The brand in the United States
How do I register my trademark in the United States? When a company expands its business in the United States, protection of its trademark in this country is essential.
Several systems exist to protect a brand at North America. Indeed, two solutions are offered to structures wishing to try the American adventure: directly deposit a brand in the US or designate this territory in a international brand.
Which option should you choose to secure your products and services? How to make deposits? What are the conditions?
The national registration of the trademark in the United States
The U.S. Patent and Trademark Office (USPTO - United States Patent and Trademark Office) offers two types of use-based filings and two types of registration.
Filing on the basis of Intent-to-Use or "Intent-to-Use Application".
It is possible to protect a brand filed in the Main Registry (offering optimum protection for a brand distinctive), while it has not been exploited in the US market, but will be in the future. At the time of filing, the registrant declares on his or her honour that he or she intends to commence serious exploitation of his or her brand within six months of the date of filing. This brand is protected for 10 years, renewable indefinitely, subject to payment of renewal fees.
After filing, the USPTO sends a Notice of Allowance to the owner. The Office then publishes the brand to allow the interested third party to file an opposition. A period of 6 months starts from the date of notification of the notice.
When it expires, there are two possible situations:
- the depositor used his brand in the U.S.A. It informs the U.S. Office, which will definitively register the brand ;
- the cardholder has not used his/her brand for "legitimate" reasons. It then requests an extension of the time limit in 6-month increments, up to a maximum of 3 years from the date of transmission of the notice. The USPTO proceeds with registration as soon as it receives proof of the use of the mark.
The filing based on prior use or "Use in Commerce Application".
This protection system allows the monopoly operation of a brand and therefore a quick check-in. The applicant must, however, provide proof of the use of the name or sign on the date of filing. This proof is sometimes difficult to provide. Indeed, the holder has the obligation to provide proof of the actual prior use by specimens (sale to the public of goods and services under the name or sign). brand or advertisements mentioning said brand).

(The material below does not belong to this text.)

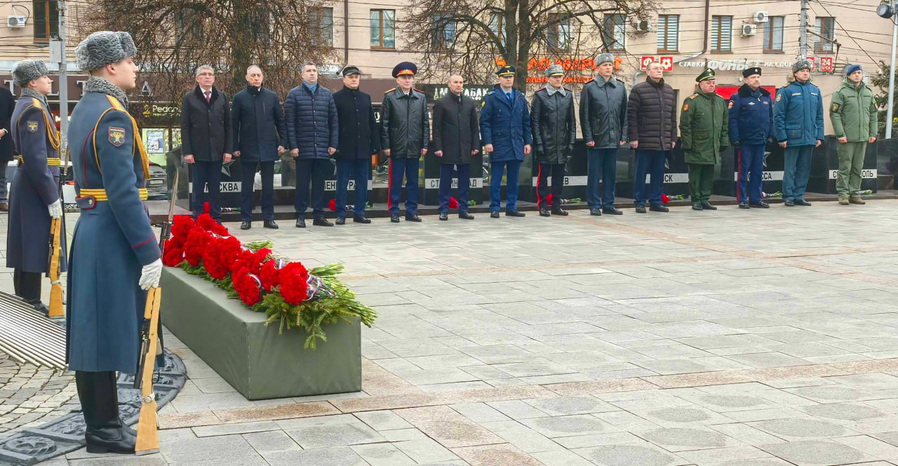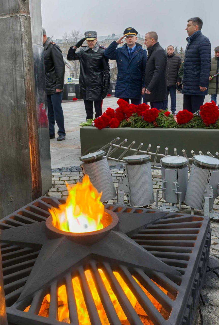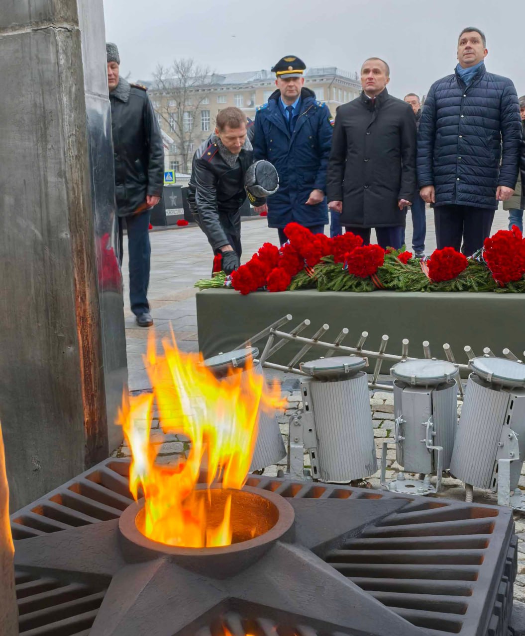 Участники церемонии возложили цветы к Вечному огню, символизирующему неугасаемую память о героях. В знак глубокого уважения и признательности подвигу, совершенному защитниками города-героя, собравшиеся почтили их память минутой молчания.

The USPTO admits evidence of the use of a brand when:
- the brand is inscribed on the products or packaging of the articles or is related to the products and services ;
- and that the products and services to which the brand are sold in a minimum of two states in USA.
After providing these supporting documents, the filing procedure shall continue until the registration of the said mark.
A federal registration of brand with the USPTO allows you to be protected in all United States. A filing in the principal register provides optimal protection when the registrant demonstrates continued use of the brand for 5 years and that the sign is distinctive (not descriptive of the goods and services concerned). If the brand is not sufficiently distinctive, it may be registered in the supplemental register conferring limited protection (no presumption of ownership of the brand).
An alternative to the national deposit: the applicant can opt for the international brand.
The international trademark application for the USA
The holder may extend his French trademark by means of a world brand designating United States at the WIPO (World Intellectual Property Organization). Filing this application within the 6-month priority period allows you to benefit from the filing date of the French trademark and to oppose any competing filing made in the meantime.
WIPO translates the application into English and files it with the USPTO.
This filing is based on intent to use and requires a declaration of intent to use, which is not accompanied by evidence. The first proofs must be submitted in the sixth year following the registration of the mark. It is protected for ten years and renewable forever, if it is exploited.
The difficulty of the American system will be quickly overcome with the help of a patent attorney and a judicious choice of filing will result.